··· Listed entries ···
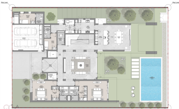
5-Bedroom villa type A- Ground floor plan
···
··· Listed entries ···
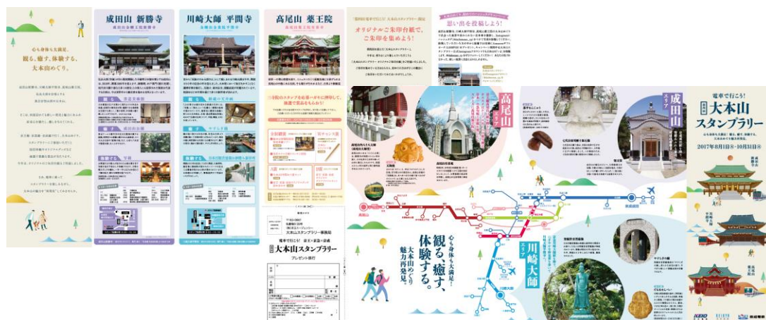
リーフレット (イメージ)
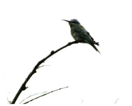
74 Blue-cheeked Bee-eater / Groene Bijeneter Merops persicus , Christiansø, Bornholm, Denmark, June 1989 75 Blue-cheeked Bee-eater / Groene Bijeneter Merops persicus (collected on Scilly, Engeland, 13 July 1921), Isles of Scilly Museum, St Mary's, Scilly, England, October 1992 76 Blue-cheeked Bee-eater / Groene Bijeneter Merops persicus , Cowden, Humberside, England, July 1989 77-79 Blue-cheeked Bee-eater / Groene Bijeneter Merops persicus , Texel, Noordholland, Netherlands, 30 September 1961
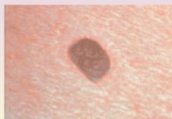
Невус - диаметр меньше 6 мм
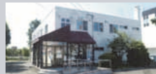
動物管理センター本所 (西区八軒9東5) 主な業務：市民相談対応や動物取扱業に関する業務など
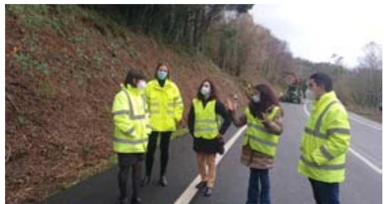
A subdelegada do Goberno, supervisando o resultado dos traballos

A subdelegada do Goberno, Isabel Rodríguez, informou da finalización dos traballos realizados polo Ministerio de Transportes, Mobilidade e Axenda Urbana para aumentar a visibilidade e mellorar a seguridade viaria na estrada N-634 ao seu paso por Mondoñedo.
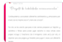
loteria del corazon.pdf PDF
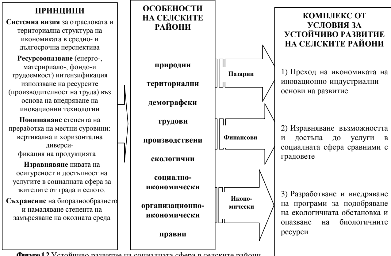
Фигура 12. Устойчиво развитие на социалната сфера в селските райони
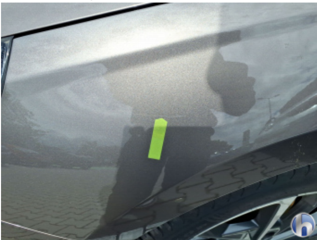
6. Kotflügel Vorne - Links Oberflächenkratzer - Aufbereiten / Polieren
···
··· Listed entries ···
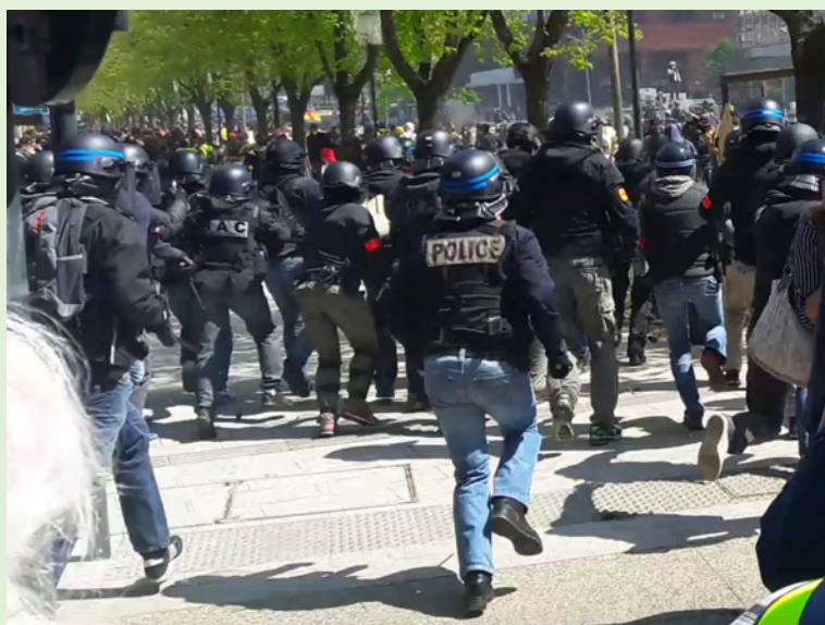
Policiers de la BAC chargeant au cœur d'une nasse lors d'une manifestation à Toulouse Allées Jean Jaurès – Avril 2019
···
Word for word, restate the lines above from the one with "A subdelegada do Goberno, Isabel" through the one with "6. Kotflügel Vorne", keeping both ends and dropping the pictures.

Response for this exercise ▸
A subdelegada do Goberno, Isabel Rodríguez, informou da finalización dos traballos realizados polo Ministerio de Transportes, Mobilidade e Axenda Urbana para aumentar a visibilidade e mellorar a seguridade viaria na estrada N-634 ao seu paso por Mondoñedo.
loteria del corazon.pdf PDF
Фигура 12. Устойчиво развитие на социалната сфера в селските райони
6. Kotflügel Vorne - Links Oberflächenkratzer - Aufbereiten / Polieren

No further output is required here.